Servirà a orientare la ricerca di base verso strumenti necessari al medico per la diagnosi e per monitorare l’efficacia delle cure.

Lo sviluppo delle terapie mirate e personalizzate sta cambiando la relazione tra il medico e i pazienti oncologici e sempre più la modificherà in futuro.

Un tempo i tumori venivano classificati solo sulla base dell’organo colpito, dello stadio di avanzamento e delle caratteristiche istologiche. Oggi questa classificazione non è persa, ma è arricchita da dati che riguardano il genoma del paziente e le caratteristiche molecolari del tumore. La scelta di un medico capace di gestire (e soprattutto di comunicare) informazioni così complesse può fare la differenza per la vita del paziente. E il paziente stesso deve diventare un partner del medico, condividere il percorso di studio e analisi del suo caso e non di rado collaborare nel prendere decisioni in merito alle terapie disponibili sulla base dei dati forniti dallo specialista.

Le informazioni genetiche e la protezione della propria privacy diventeranno un elemento chiave negli anni futuri: anche il clinico avrà accesso sempre più spesso al genoma del paziente, conoscerà le mutazioni di cui è affetto e potrà anche avanzare delle ipotesi sui rischi che corrono i familiari consanguinei (figli, genitori o fratelli).

Il medico deve saper gestire questi aspetti e deve guidare il paziente nell’espressione delle sue volontà.

L’informazione che il medico dà al paziente diventa cruciale quando quest’ultimo viene invitato a far parte di studi sperimentali, poiché il paziente dovrà poter soppesare rischi e benefici.
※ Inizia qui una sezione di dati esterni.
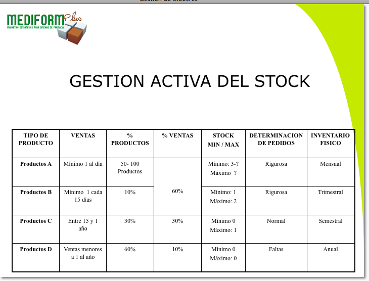 En una Gestión de Stock eficaz está muy relacionada con la capacidad de compra de la farmacia, el vencimiento de la factura del producto comprado, la previsión de la demanda, el tipo de producto comprado y su proveedor y por último, la proporcionalidad entre el precio de coste y el volumen de la compra.

Infatti, i nuovi protocolli di cura possono richiedere un gran numero di esami preliminari, talvolta fastidiosi o persino dolorosi, che possono portare alla scoperta che la nuova terapia non è adatta. In quel caso il medico dovrà aiutare il paziente a elaborare l’eventuale delusione e stabilire un protocollo terapeutico che potrà comunque migliorare la durata e qualità di vita del malato.

La strada verso una medicina basata sulla genomica, e quindi altamente personalizzata, richiede un ripensamento del rapporto tra medici e pazienti che è solo all’inizio. Ma richiede anche l’intervento di ricercatori che conoscano i bisogni del clinico o che addirittura li condividano in prima persona, perché suddividono il loro tempo tra il laboratorio e la corsia. È da queste esperienze che arriveranno strumenti come marcatori facilmente identificabili nel sangue o nei liquidi biologici per seguire l’efficacia della cura senza essere troppo invasivi.